Three weeks ago an uncommon tragedy happened in the two-road, no-stoplight town in west Texas where I live. Two longtime, much-loved friends shut down the bar together sometime after midnight on Monday night and by Tuesday morning one was dead and the other was arrested. There hadn’t been a murder here in a long, long time, and the small, isolated community grieves the loss of two of its very few members.

I used to live in New Orleans, where news of a murder wasn’t news, really. There were more than 1,000 murders during the decade of my life spent there, but now out here at the edge of nowhere, I was reminded that public defenders struggling to bring equal access to justice for poor people often also face the challenge of bringing justice to country folks brought before city courts.

As a non-attorney working on public defense reform from both outside and now within a public defender system, I source my inspiration from an elderly farmer from Central New York named Delbert Ward, who in 1990 was accused of smothering his older brother William to death while he slept one cold winter morning. Delbert and William shared a one-room shack  (no water, no heat) with two more bachelor brothers – all together known as ‘the Ward Boys.’ Since birth, the four worked the family farm together, ate together, on rare occasions rode the tractor into town together. William and Delbert had shared a bed as children and never stopped. Not one of them had more than an elementary school education. At the time of William’s death, they may not have had a single other friend.

The theory of the prosecution from the nearby city was that Delbert brutally killed William as part of a sexual advance gone wrong. The theory of the defense was that William died in his sleep, and when Delbert noticed him unresponsive, tried to resuscitate him the way he knew how – as you would revive a just-birthed calf who arrives into the world not breathing.

The Ward Brothers’ community took it personally. Outraged, they raised Delbert’s bail, hosted dozens of fundraisers, worked with Delbert’s defender, and more than held their own in a story that went on to receive national attention. The Ward’s legal drama nestled within the backdrop of an almost extinct bit of Americana and coupled with the rural community’s solidarity against a big city prosecutor, attracted two local college students to make an award-winning movie about the case. The film, Brother’s Keeper (1992), shows footage of cross examination during trial where the prosecutor ridicules the Ward brothers’ life, their primitive home, the fact that Delbert has never before worn a suit. The public defender tries to educate a court and a jury about what a farming man knows despite being illiterate and with limited knowledge of the world beyond his fences. The dispensation of justice depended on bridging the divide between urban and rural experience.

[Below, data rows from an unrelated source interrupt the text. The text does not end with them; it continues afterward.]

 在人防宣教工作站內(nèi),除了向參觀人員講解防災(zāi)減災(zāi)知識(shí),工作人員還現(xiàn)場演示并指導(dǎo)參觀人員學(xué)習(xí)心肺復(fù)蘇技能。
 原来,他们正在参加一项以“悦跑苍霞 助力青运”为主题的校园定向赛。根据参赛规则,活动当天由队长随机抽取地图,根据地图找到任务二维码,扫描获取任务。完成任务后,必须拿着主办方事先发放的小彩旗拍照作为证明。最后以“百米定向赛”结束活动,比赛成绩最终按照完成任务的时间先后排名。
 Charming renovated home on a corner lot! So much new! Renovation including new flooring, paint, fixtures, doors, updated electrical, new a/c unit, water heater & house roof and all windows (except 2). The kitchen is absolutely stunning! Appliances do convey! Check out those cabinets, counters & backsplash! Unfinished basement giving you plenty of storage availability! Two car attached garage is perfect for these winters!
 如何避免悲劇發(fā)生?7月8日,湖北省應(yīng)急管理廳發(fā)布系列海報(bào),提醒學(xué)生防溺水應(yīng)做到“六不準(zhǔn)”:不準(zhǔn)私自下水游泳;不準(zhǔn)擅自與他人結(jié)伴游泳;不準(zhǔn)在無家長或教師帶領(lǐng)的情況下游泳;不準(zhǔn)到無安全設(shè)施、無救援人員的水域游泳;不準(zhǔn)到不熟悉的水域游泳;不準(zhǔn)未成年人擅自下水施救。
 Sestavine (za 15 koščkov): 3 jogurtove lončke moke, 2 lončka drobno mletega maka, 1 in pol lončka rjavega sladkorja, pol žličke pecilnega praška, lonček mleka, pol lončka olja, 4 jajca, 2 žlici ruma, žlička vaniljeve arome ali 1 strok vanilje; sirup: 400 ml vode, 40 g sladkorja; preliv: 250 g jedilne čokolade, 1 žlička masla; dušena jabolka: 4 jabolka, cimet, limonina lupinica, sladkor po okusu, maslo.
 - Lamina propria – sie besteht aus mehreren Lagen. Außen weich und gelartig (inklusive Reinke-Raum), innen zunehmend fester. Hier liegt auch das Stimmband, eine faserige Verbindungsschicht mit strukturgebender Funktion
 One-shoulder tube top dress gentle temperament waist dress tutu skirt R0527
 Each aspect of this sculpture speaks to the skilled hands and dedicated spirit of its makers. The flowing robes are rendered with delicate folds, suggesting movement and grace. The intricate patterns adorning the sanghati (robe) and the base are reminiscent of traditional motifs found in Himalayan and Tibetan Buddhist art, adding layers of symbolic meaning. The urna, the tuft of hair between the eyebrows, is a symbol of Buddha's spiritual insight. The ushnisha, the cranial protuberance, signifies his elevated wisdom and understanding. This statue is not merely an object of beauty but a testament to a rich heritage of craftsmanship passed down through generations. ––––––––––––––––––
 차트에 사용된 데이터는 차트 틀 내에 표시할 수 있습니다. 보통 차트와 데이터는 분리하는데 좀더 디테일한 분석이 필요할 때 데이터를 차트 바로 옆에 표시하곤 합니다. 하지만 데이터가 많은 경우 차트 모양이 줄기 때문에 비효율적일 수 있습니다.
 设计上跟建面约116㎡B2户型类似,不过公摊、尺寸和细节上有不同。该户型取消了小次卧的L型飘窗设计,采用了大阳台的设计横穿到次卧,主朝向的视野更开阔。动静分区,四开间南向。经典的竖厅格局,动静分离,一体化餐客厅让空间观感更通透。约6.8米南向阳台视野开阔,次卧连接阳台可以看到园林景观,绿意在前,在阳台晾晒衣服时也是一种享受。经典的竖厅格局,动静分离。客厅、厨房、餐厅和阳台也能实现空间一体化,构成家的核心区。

I was 12 years old, from a farming family down the way, and the lines were clearly drawn: Delbert Ward was one of mine.

It’s been 23 years since Delbert Ward’s trial, and I have read news of thousands of murders between then, including the one that happened here three weeks ago. But I am out in the boonies again, part of a small community nearly 100 miles from “town,” and I’m reminded powerfully of Delbert Ward. All public defenders represent poor folks, and a disproportionate number of them are from the minority community. Then sometimes the client is an old farmer from a rural community in Central New York or a young river guide from the lonely edge of west Texas. Will the system understand us?

In small towns or remote places where communities are most personally affected by crime they may also be most invested in the justice process. In the upcoming criminal proceedings related to the murder in Terlingua, court may be 100 miles away but I bet the community will show up, just as they did for William and Delbert Ward. Public defenders represent not just the individual on trial, but the dignity of us country bumpkins. These cases usually don’t make a major news outlet and these advocates are often very quiet heroes, but they offer hope and justice for a community that is paying attention because it hits so close to home.